Supernatural horror: When animal-rights-activitists raid a cruel animal circus, they release a horror far worse than any that was being done to the animals.

From the sheep paddock they followed the blood trail to the neighbouring forest, from where they were easily able to pick out and follow a trail of fleeing paw prints, left in the thick carpet of pine needles and gum leaves that covered the forest floor.

They tracked the prints for almost a kilometre, until they suddenly converged on a great twisted ghost gum.

“Looks like it took its kill up a tree to feed,” suggested Andrew.

“Don’t be stupid!” protested Sam.   “Wolves can’t climb trees.”

“This one obviously could,” said Mel.   He pointed up to where the bloody, half eaten carcase of a sheep was wedged tightly in a fork in a great bough, five or six metres off the ground.   “Either that or Charles Fort was right after all!”

“Who the hell is Charles Fort?”

“Was, not is,” corrected Mel, “he died forty years ago.   Charles Fort was an American pseudo-scientist, who devoted his life to the study and documentation of rains of fishes and frogs.”

“Rains of…But that’s crazy!”

“On the contrary,” corrected Mel, “that’s the sane part.   The crazy part was Fort’s explanation of where the frogs and fishes came from before falling from the sky.   Since fish and frogs can’t fly, Fort argued that they must be extraterrestrial fishes and frogs, falling from passing flying saucers.”

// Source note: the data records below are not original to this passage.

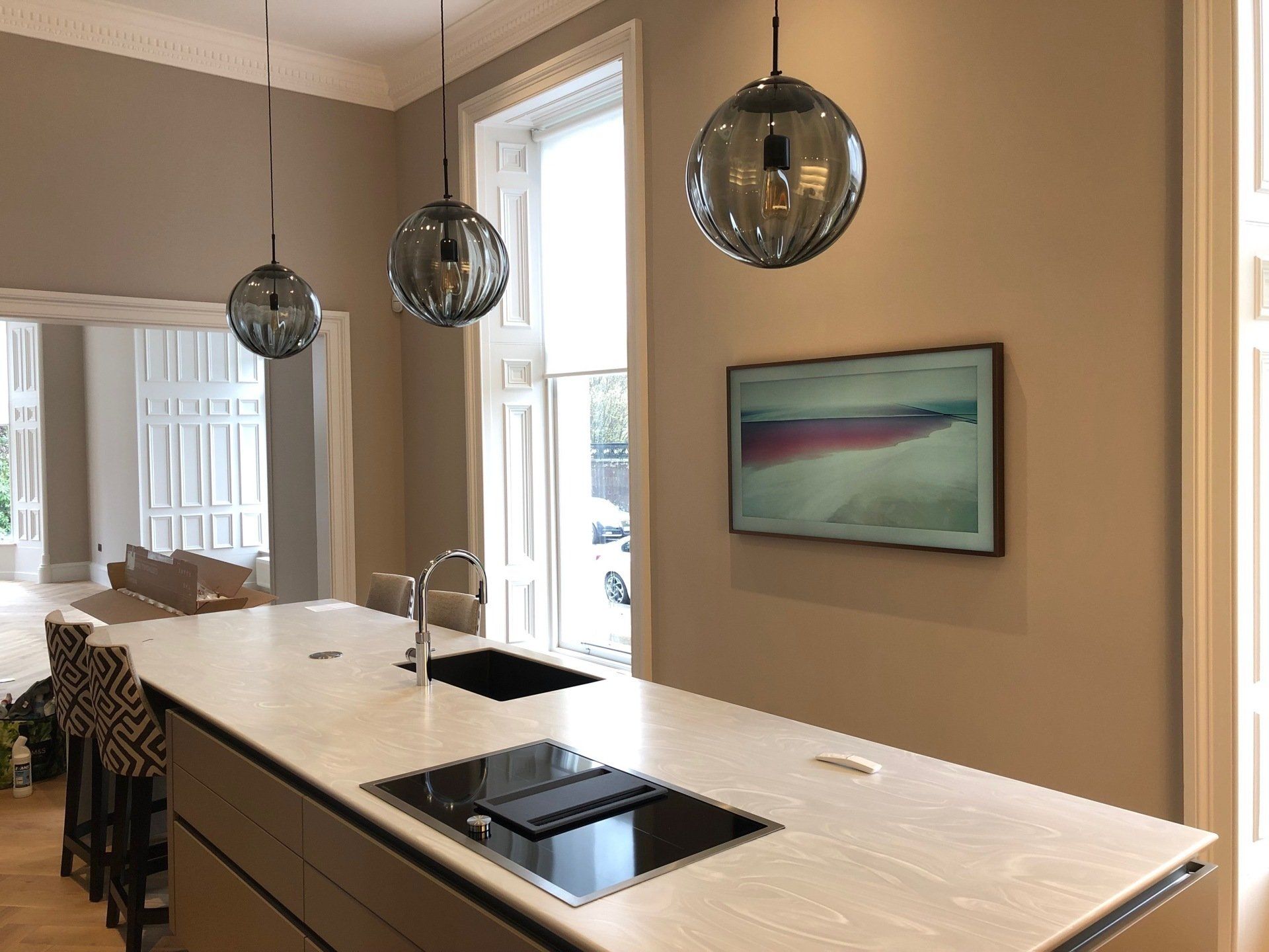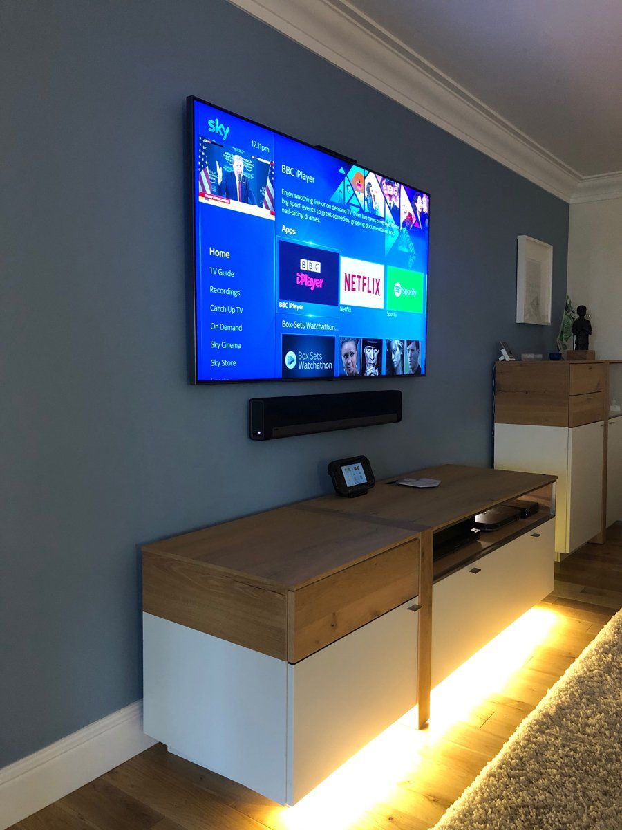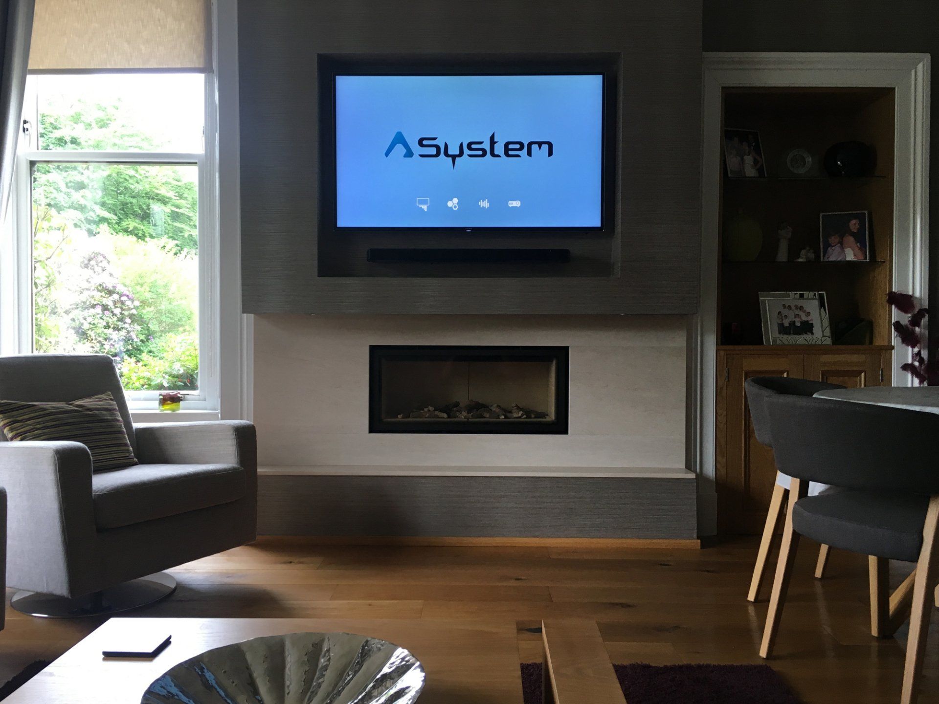 System Home specialize in concealed cable TV installations on all wall types. Plasterboard, brick, chimney breasts, above fireplaces or in awkward corners...it's no problem, we are the longest established TV wall mount business in Scotland. We can also supply and install "floating" wall units as shown.
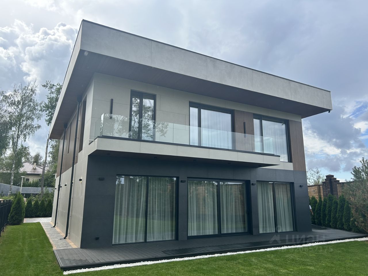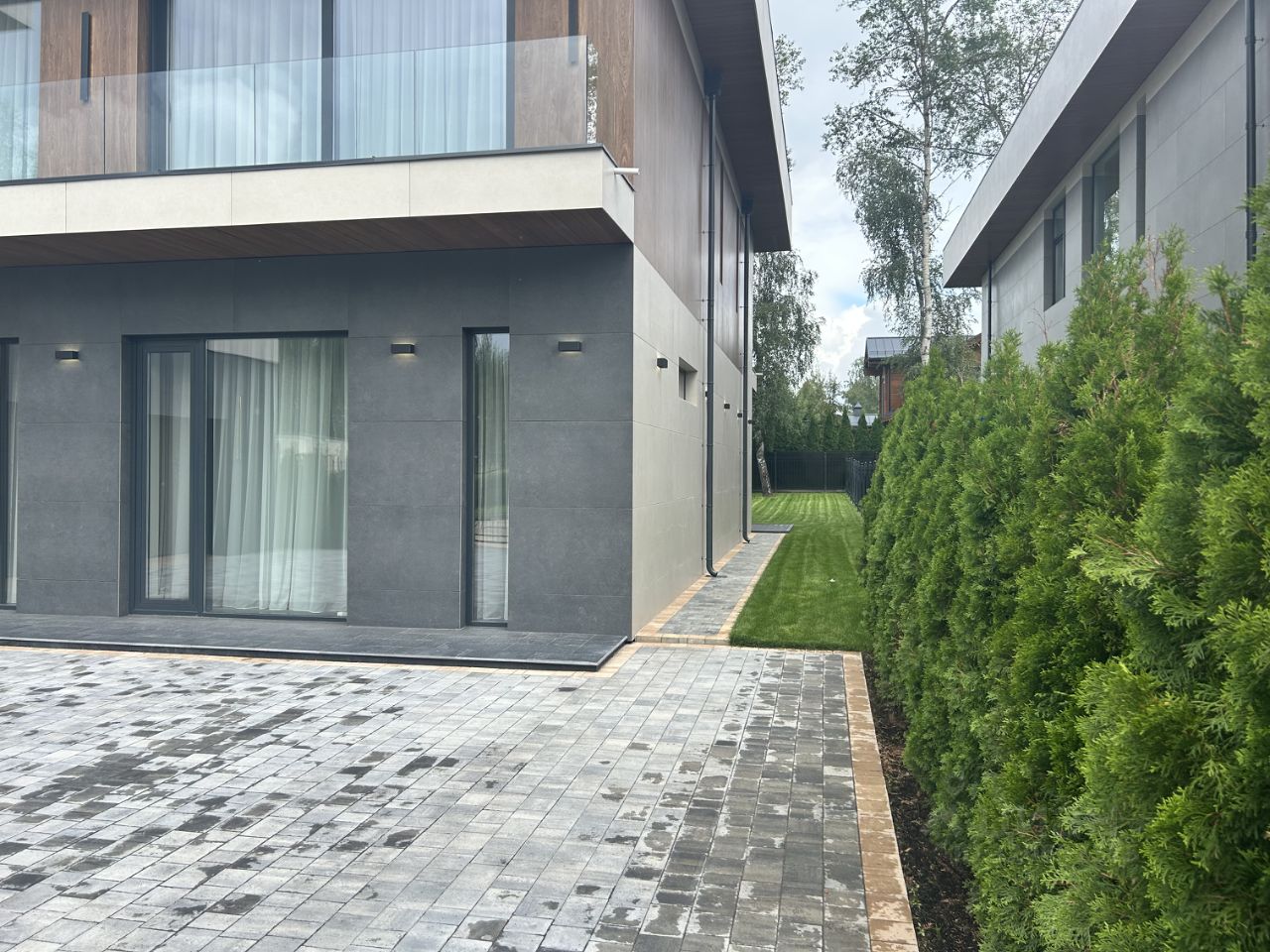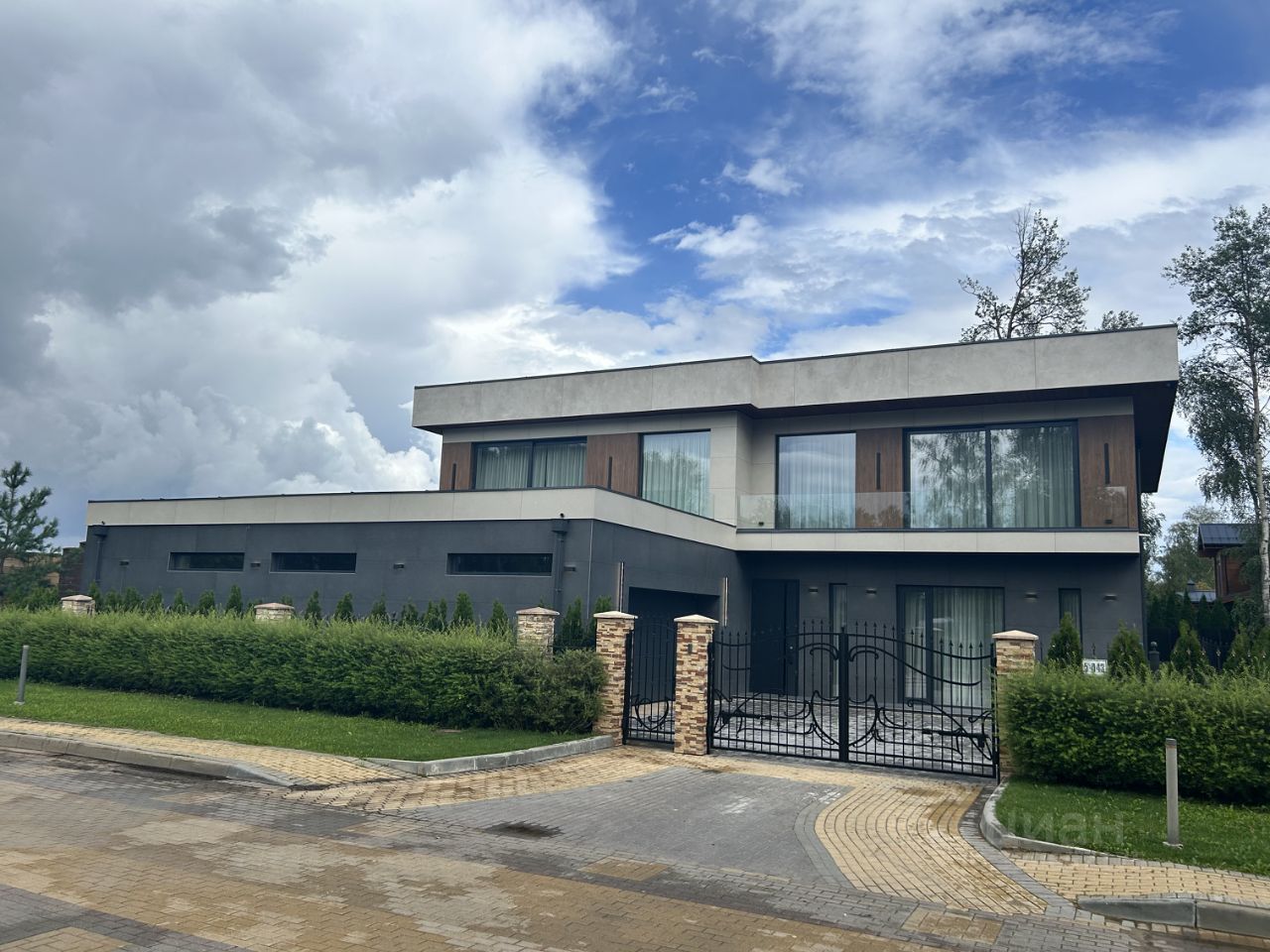 КП МОНТЕВИЛЬ. Новый кирпичный Hi-Tech общей площадью 507 кв. м в элитном, строго охраняемом, полностью застроенном коттеджном поселке в окружении леса. Дом расположен в тихой, приватной части посёлка. Материал стен - кирпич, фасад вентилируемый, выполнен из высококачественной лиственницы и керамогранита, прекрасно сохраняет тепло внутри дома и не требует обслуживания. В доме выполнена премиальная отделка в современном стиле, качественное панорамное остекление ''от пола до потолка'' и высокие потолки визуально увеличивают пространство, встроенные теплые полы, установлена премиальная встроенная техника и сантехника, дом укомплектован стильной мебелью и предметами декора. Планировка дома: 1 этаж: гардеробная, большая кухня-столовая-гостиная, уютная спальня, котельная, постирочная, гараж для двух автомобилей, два санузла, СПА-зона с сауной, душевой и выходом на участок, квартира персонала. 2 этаж: большая мастер спальня с санузлом и гардеробной, 3 спальни со своими санузлами и гардеробными, балкон. В отделке использовались качественные известные бренды Италии и Испании. На ухоженном участке 10 соток выполнен ландшафтный дизайн, установлено видеонаблюдение. На эксплуатируемой кровле можно сделать зону для отдыха в тёплое время года. Все центральные коммуникации. Коттеджный поселок Монтевиль - это элитный поселок, находящийся в окружении живописного леса. Территория поселка благоустроена и круглосуточно охраняется. На берегах реки Беляны и рядом с прудами расположены прогулочные зоны с беседками. Поселок строго охраняется, круглосуточное патрулирование, общее видеонаблюдение. 3 КПП. Жители могут пользоваться клубными привилегиями ''Villagio'' и могут посещать все объекты инфраструктуры соседних проектов. За несколько минут на машине получится доехать до детского клуба ''Робин Гуд'' в соседнем КП ''Гринфилд'', супермаркетов ''Азбука вкуса'' и ''Перекресток''. Рядом множество детских садов и школ, торгово-развлекательных комплексов, есть конно - спортивный комплекс, фитнес центр с катком, много хороших кафе и ресторанов. Инфраструктура Павловской Слободы и Звенигорода. Удобный выезд на Новорижское шоссе. С уважением Александр.
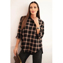 Dámská kostkovaná bavlněná košile s delším zadním dílem černá
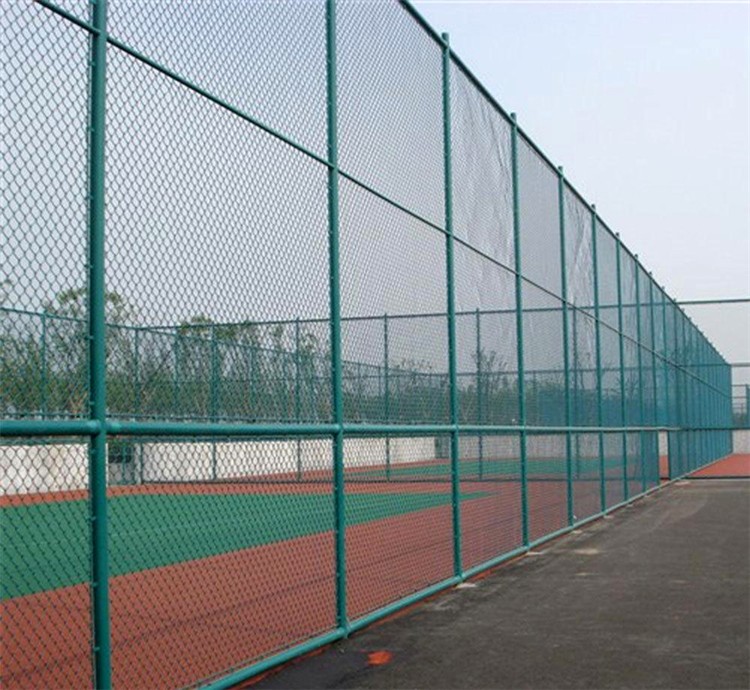 網高:4米寬3米,能工生產的網球場圍網表面全部用PVC塑處理,免人工維護保養,表面塵埃經雨水沖洗自然脫落,停止使用后可拆走后作綠化設施使用。其主要用于學校動場,籃球場、操場、網球場、體育場地圍欄與防護。
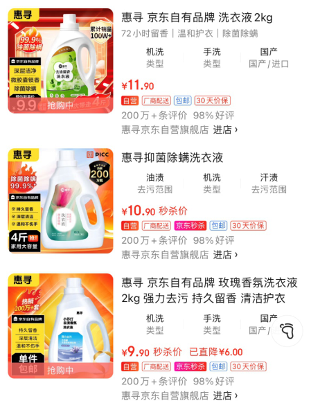 截至目前,惠寻的多款明星洗衣液均收获了超过200万条的真实好评,在京东同类产品的排行榜中,多次霸榜销冠。
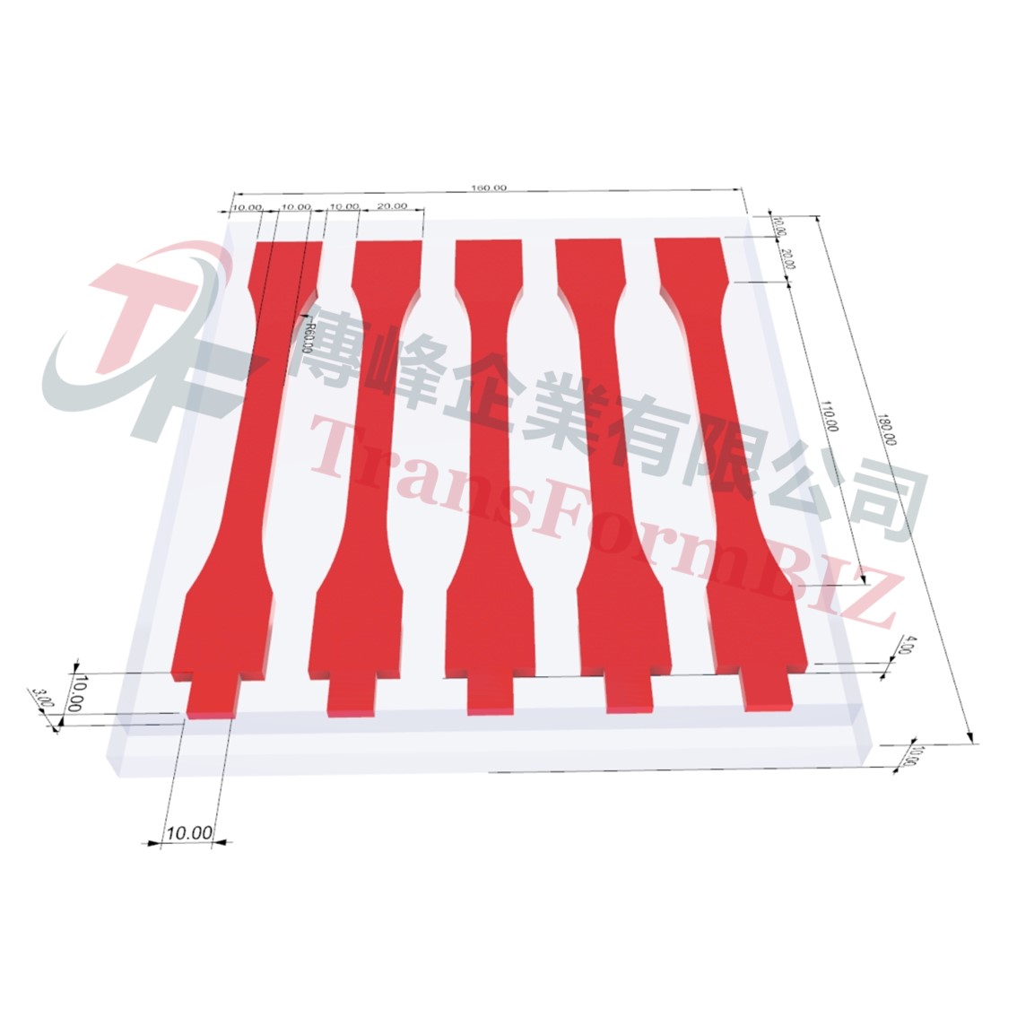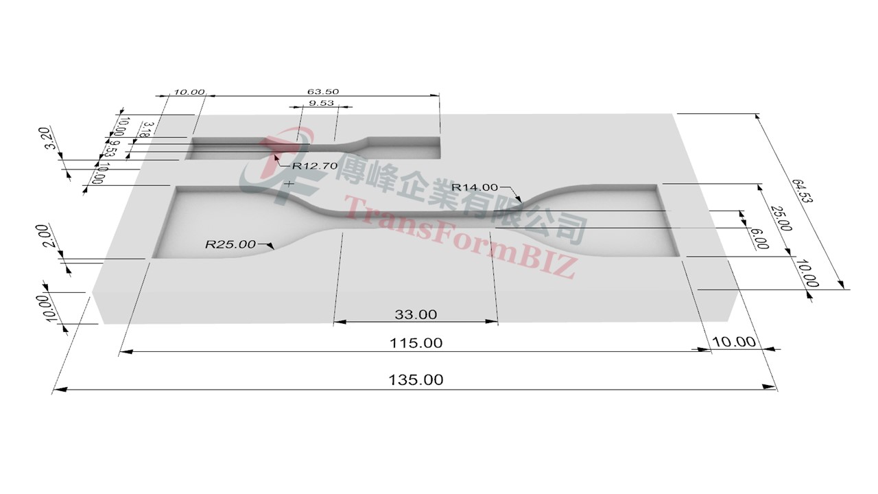 PTFE模具擁有卓越的高低溫耐性和化學穩定性,同時具有優秀的電絕緣性、防黏性、耐候性、阻燃性和潤滑性。這些模具不僅能夠輕鬆地將樣品固化,並在固化後輕鬆脫模,方便進行後續的拉伸實驗。模具的製作狗骨頭、啞鈴型、長條狀可符合ASTM、ISO、JIS、DIN等標準,同時也支援客製化尺寸以滿足各種需求。
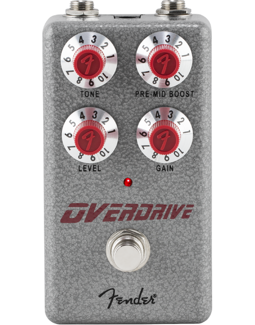 The Fender Hammertone Analogue Overdrive Pedal delivers warm, gritty drive in a compact, rugged form. Its original Fender-designed analogue circuit offers everything from subtle boost to full, saturated overdrive, with a pre-gain mid boost to cut through any mix. Top-mounted jacks make for easy pedalboard integration, while true bypass ensures your tone remains pure when disengaged. Powered by a 9V battery or standard centre-negative adaptor, the Hammertone Overdrive is a versatile essential for any guitarist seeking responsive, dynamic overdrive tones.
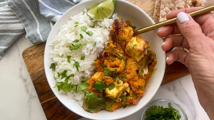 "My favorite thing about this recipe is how flavorful the creamy tomato gravy is [when] paired with the marinated vegetables and roasted paneer that is toasted on the outside, and soft in the middle." Hahn shares. "It also tastes even better the next day as the flavors continue to meld, making this a great meal prep recipe." Hahn says. Once sealed up in a glass container, it will last all week in the fridge, which is a win for busy families everywhere.

“But what would Earth-type frogs and fishes be doing on board flying saucers?” asked Andrew Braidwood.

“Ah…Well, that’s the big hole in the theory,” agreed Mel.   “Obviously Fort rejected the theory of evolution.   Or else it simply never occurred to him that two identical species couldn’t have evolved separately on two different planets.”

“But what the hell has all that got to do with the black wolf killing my sheep?” demanded Sam Hart.

“Nothing, except that if we rule out the idea of the sheep falling from a UFO, then we’re stuck with the fact that whatever killed it carried the carcase up this tree to eat it.”

“But wolves can’t climb trees!” said Sam for the second time.

“Then whatever raided your sheep station can’t have been the black wolf,” pointed out Andrew Braidwood.